A cidade entrega o que nenhum outro lugar entrega na mesma dose: escala e variedade simultâneas. Em 7 dias, você atravessa bairros que parecem países diferentes. De Manhattan ao Brooklyn, de Williamsburg ao Upper West Side, cada vizinhança tem identidade própria, comida própria e ritmo próprio.
A infraestrutura turística é sólida. O metrô opera 24 horas por dia, 7 dias por semana, o que é raro em qualquer metrópole do mundo. Você não depende de táxi ou Uber para se locomover. Isso muda a equação de custo mais do que parece.
E tem uma camada que não aparece nas planilhas: Nova York é a cidade que o mundo inteiro cresceu vendo em filme, série e novela. Estar ali tem uma qualidade de presença que é difícil de racionalizar mas que todo mundo que foi entende.
Roteiro de 7 dias em Nova York: dia a dia
Este roteiro foi estruturado para cobrir os grandes ícones sem sacrificar os bairros que fazem Nova York ser Nova York. Cada dia tem um bairro âncora, percursos a pé razoáveis e uma lógica geográfica que economiza metrô. Tempo médio de deslocamento entre atrações: 15 a 30 minutos.
Dia 1 — Times Square, Broadway e Midtown
Chegue em Midtown e aceite o impacto sem resistência. Times Square de dia já é um fenômeno visual. À noite, com os letreiros acesos, é outro nível. Não precisa ficar mais de 30 minutos, mas esse primeiro contato calibra tudo o que vem depois.
A Broadway fica a 2 minutos a pé. Comprar ingresso de última hora no TKTS booth (em Times Square) pode render 20 a 50% de desconto nos melhores musicais. Os ingressos são liberados no mesmo dia, geralmente a partir das 10h (Theatre Development Fund, 2026). Shows grandes como Hamilton, Wicked e The Lion King raramente aparecem com desconto, mas vários outros valem tanto quanto.
À tarde, o Grand Central Terminal.
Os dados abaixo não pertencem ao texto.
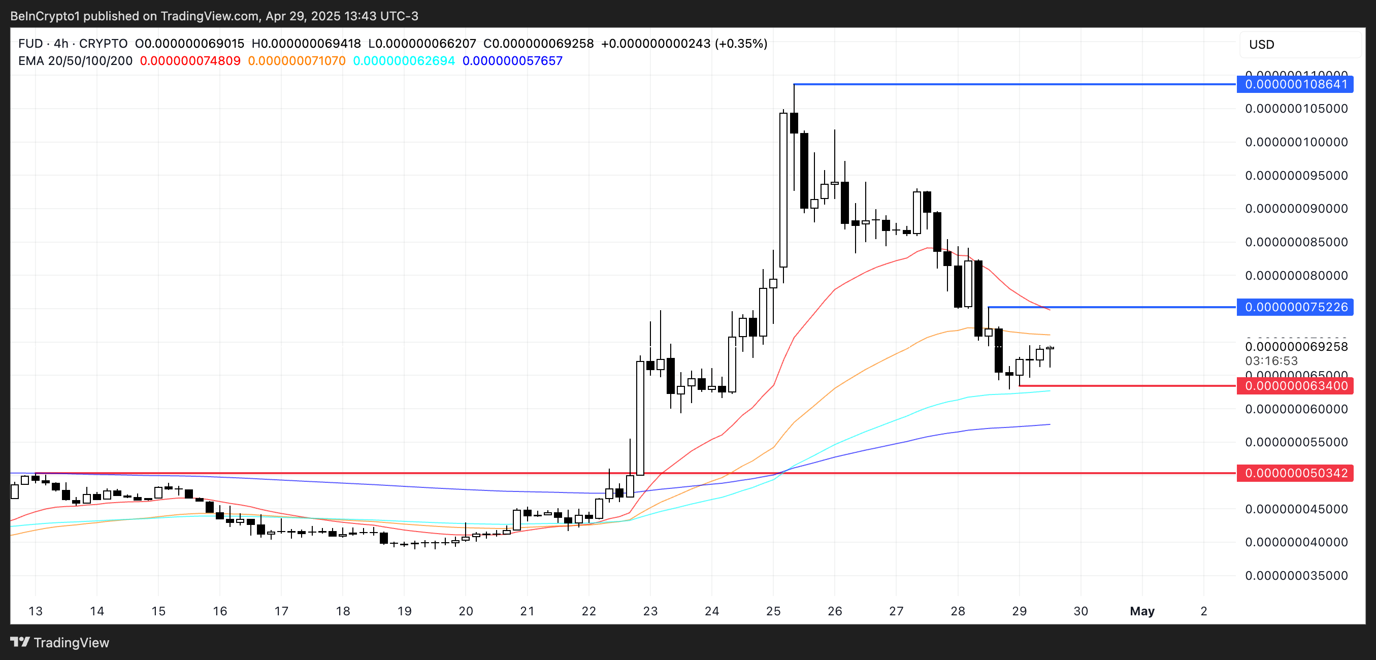 A FUD recentemente testou o nível de suporte em US$ 0,0000000634. Caso esse suporte seja novamente testado e não se sustente, o próximo alvo de queda poderá ser em torno de US$ 0,000000050.

Não é só uma estação de trem: é um dos interiores mais bonitos dos EUA. Gratuito para entrar, exige ao menos 20 minutos de admiração honesta. O salão principal com o teto pintado de constelações é algo que fotografias não capturam bem.
Jantar no Hell's Kitchen (9th Avenue, entre as ruas 40 e 55). O bairro tem restaurantes étnicos de todo tipo a preços bem abaixo do resto de Midtown. US$ 18 a US$ 30 por pessoa é um bom benchmark para um jantar decente.
Custo estimado Dia 1: US$ 80 a US$ 180 por pessoa (ingresso Broadway + refeições + metrô)
Dia 2 — Central Park, MET e 5th Avenue
Central Park de manhã, antes do calor e antes das multidões. O parque tem 341 hectares e pode ser feito a pé ou de bicicleta alugada (US$ 12 a US$ 18/hora em diversas operadoras). As atrações dentro do parque incluem o Bethesda Terrace, o Belvedere Castle e o Strawberry Fields. Todas gratuitas.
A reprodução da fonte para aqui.